Fortunately, rectifying these organisational shortcomings does not mean another round of traumatic re-engineering type solutions of the past. There are “do-able” solutions using existing resources, solutions that focus rather than distract managers.
To tackle the problem of formulating strategy without knowing whether the capacity to deliver exists, we need to challenge conventional wisdom, which dictates that we separate the three core business processes: the strategic, the operations and the people processes.
Conventional wisdom has taught us to seal each process in a silo to avoid contamination and distraction. The “people” process is not able, nor expected, to advise the “operations” process that the capacity to drive and support a strategy is not available.
The inherent weakness then remains undetected for another business cycle or more. It does not make sense to treat strategy, operations and people as three unrelated processes.
Silo management drains an organisation of potential synergies.
The new mind-set must also discard the conventional wisdom that dictates that there are managers who formulate strategy for others to execute. It is bad practice to afford those who formulate strategy protection against failure to deliver.
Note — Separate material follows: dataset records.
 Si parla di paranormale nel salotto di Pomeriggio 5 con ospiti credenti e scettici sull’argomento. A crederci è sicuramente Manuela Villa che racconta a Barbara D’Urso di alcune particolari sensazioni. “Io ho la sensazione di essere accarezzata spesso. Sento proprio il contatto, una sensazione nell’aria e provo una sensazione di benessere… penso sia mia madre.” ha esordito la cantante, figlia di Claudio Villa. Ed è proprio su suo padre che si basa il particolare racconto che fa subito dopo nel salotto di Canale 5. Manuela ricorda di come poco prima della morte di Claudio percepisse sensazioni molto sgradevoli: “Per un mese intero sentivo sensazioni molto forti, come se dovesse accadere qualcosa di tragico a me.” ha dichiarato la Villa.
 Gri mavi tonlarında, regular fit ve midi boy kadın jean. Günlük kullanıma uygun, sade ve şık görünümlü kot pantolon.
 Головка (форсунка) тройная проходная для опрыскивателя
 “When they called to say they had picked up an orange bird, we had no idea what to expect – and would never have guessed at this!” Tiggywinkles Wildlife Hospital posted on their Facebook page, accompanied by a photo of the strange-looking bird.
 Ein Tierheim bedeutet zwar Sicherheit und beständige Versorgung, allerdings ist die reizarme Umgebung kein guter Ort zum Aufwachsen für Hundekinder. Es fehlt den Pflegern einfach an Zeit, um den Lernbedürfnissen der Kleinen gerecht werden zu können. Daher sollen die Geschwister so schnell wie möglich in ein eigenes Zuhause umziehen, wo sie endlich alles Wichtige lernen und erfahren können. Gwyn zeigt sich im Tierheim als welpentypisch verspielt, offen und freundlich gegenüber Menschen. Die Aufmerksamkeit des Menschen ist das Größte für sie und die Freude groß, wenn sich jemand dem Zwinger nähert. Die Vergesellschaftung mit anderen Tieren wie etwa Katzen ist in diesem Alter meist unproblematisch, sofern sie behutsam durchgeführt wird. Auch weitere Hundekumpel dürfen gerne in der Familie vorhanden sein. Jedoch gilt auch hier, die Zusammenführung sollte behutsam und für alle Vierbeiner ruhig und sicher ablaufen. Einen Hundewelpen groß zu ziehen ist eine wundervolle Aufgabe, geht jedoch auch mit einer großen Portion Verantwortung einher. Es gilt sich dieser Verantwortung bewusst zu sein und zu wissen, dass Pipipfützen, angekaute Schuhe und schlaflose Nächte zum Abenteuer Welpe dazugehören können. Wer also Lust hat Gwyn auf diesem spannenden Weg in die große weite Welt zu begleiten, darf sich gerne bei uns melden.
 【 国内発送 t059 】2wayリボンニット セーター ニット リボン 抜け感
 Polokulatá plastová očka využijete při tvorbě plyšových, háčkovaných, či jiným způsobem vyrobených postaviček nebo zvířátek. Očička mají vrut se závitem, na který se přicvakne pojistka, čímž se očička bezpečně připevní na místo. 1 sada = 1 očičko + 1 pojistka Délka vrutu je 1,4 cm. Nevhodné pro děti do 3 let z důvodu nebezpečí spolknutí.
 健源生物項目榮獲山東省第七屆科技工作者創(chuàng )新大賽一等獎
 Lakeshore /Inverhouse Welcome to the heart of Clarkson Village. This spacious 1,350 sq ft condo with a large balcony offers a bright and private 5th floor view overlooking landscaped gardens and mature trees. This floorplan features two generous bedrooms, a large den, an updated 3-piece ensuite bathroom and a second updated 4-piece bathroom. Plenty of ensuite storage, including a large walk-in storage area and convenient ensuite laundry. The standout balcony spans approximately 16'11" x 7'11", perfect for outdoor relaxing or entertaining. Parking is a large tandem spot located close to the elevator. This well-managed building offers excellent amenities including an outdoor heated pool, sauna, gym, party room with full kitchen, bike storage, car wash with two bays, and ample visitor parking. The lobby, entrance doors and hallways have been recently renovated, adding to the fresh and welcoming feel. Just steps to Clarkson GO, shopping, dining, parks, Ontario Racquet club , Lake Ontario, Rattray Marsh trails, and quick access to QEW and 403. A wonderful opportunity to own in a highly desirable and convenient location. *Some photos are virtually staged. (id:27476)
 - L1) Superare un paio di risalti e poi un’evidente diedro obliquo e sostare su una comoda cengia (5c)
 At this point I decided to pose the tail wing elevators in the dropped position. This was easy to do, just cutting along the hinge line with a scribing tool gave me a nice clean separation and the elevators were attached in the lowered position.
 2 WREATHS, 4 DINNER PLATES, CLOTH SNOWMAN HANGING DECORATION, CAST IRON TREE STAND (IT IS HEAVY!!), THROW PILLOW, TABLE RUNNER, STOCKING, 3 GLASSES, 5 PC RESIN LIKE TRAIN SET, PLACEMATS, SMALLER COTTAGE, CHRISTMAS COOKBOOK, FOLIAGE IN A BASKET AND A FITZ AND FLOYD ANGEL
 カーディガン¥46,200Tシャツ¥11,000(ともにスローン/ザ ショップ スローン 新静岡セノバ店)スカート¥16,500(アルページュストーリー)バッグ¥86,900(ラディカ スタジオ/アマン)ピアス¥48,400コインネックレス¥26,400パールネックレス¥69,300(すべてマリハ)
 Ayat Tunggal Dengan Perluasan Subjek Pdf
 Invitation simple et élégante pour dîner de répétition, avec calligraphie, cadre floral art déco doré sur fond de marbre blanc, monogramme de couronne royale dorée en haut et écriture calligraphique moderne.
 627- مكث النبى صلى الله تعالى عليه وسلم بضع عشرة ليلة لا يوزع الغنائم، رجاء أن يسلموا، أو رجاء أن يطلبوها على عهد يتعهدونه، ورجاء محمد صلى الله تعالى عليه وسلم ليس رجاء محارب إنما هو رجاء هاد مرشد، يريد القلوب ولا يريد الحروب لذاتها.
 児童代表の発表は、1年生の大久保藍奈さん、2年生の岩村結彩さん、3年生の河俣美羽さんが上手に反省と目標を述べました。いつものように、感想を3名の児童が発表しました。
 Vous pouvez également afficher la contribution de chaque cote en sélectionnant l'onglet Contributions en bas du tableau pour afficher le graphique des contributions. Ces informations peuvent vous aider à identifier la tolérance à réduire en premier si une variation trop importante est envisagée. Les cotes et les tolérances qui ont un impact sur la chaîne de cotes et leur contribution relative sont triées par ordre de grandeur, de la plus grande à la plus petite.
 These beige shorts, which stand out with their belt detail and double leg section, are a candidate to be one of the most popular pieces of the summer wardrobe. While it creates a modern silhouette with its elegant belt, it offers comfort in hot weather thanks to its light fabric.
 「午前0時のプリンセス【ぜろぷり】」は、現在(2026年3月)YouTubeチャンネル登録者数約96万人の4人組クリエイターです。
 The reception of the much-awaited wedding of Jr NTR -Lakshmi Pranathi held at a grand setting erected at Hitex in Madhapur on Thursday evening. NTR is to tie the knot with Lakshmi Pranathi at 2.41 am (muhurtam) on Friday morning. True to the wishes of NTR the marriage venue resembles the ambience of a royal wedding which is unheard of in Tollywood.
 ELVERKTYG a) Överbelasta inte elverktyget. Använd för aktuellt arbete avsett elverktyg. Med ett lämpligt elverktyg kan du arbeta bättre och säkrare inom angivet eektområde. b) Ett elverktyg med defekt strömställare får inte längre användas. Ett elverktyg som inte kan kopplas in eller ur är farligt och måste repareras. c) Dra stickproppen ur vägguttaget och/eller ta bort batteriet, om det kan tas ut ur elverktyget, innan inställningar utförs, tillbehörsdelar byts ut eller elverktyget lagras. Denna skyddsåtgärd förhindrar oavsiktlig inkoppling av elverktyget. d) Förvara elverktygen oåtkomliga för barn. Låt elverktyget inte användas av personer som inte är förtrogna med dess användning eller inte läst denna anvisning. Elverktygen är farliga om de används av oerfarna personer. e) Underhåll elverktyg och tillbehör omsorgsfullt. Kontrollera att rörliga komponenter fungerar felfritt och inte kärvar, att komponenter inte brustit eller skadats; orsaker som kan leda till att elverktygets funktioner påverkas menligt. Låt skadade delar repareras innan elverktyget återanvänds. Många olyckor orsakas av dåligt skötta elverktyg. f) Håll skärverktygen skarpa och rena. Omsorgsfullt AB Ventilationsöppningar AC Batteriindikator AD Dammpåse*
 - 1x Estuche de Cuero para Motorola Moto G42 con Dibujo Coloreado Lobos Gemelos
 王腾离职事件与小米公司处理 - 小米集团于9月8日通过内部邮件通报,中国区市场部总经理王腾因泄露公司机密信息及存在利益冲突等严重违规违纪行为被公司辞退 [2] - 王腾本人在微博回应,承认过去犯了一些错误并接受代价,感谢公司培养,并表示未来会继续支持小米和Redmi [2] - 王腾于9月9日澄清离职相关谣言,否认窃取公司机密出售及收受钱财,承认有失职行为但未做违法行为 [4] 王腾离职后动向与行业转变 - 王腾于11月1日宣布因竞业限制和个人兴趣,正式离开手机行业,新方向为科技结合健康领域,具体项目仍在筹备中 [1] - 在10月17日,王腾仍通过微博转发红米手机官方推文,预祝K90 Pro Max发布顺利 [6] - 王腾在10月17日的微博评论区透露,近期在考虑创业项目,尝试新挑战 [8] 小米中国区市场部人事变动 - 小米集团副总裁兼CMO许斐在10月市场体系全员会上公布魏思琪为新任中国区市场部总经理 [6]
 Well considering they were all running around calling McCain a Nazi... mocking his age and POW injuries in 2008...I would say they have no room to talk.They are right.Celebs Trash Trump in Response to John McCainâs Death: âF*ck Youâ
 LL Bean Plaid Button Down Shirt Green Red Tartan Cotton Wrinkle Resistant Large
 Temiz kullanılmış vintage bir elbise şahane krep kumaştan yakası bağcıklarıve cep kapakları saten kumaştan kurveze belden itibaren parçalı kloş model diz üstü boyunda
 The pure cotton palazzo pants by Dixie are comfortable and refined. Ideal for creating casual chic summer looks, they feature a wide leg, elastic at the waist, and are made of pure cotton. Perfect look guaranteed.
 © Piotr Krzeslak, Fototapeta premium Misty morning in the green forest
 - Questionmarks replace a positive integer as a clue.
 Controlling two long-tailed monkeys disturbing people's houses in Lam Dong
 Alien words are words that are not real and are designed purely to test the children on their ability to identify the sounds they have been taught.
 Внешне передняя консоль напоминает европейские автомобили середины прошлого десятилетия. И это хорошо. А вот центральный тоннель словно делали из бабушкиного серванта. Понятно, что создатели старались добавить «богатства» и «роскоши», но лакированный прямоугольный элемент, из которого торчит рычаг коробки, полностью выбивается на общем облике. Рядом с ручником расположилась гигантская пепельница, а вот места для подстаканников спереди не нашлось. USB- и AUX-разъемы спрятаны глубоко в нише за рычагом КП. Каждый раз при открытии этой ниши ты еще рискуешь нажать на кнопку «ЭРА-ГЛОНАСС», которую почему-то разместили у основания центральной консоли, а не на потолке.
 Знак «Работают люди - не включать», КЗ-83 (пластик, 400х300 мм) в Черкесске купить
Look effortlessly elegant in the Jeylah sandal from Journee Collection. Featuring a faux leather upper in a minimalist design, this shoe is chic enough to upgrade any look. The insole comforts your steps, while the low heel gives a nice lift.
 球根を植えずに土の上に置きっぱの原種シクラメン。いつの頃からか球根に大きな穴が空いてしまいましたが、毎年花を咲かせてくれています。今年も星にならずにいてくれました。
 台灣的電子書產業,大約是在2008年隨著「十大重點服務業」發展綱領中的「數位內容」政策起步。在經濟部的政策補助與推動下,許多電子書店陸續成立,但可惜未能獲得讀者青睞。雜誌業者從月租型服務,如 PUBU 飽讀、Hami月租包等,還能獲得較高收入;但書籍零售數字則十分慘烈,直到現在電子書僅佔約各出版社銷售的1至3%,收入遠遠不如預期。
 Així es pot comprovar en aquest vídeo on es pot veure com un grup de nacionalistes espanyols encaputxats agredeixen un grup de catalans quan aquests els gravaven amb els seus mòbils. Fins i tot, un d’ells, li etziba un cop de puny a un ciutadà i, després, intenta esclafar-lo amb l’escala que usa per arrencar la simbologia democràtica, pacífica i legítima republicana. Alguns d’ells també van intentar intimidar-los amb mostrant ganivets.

The second blind spot is obviously a factor in the failure to deliver. The manager’s role has been downscaled for many years and the PwC findings should not come as a surprise.
The process began probably because the manager was ill-equipped for the role in the first instance. Hence the emergence of the staff specialist to take over recruitment, induction, morale management, performance appraisal and reward practices.
Whatever the benefits of this solution, the manager has become an underperforming asset. The consequences are a reduced ability to deliver the plan; a constant exodus of talent; and the loss of sustainable growth.
It is imperative for the leadership to clearly define the role of the manager. Peter Drucker’s definition of 50 years ago is as relevant today as it was then: the ability to convert the effort of others into performance.
This requires the manager to understand how specific roles contribute to the success of the enterprise, and the unique talents of individuals.
The manager must be capable of synthesising individual information, establish the capacity of the delivery unit and plan to better leverage the high performers, to develop those who have yet to realise their potential, and reduce the “performance drag” factor caused by poor past placement decisions.
Integrating the three core processes means that managers be assessed and rewarded for the retention and development of talent; achieving the level of operational effectiveness required by the plan; and building the unit’s capacity to drive ambitious strategy in subsequent years.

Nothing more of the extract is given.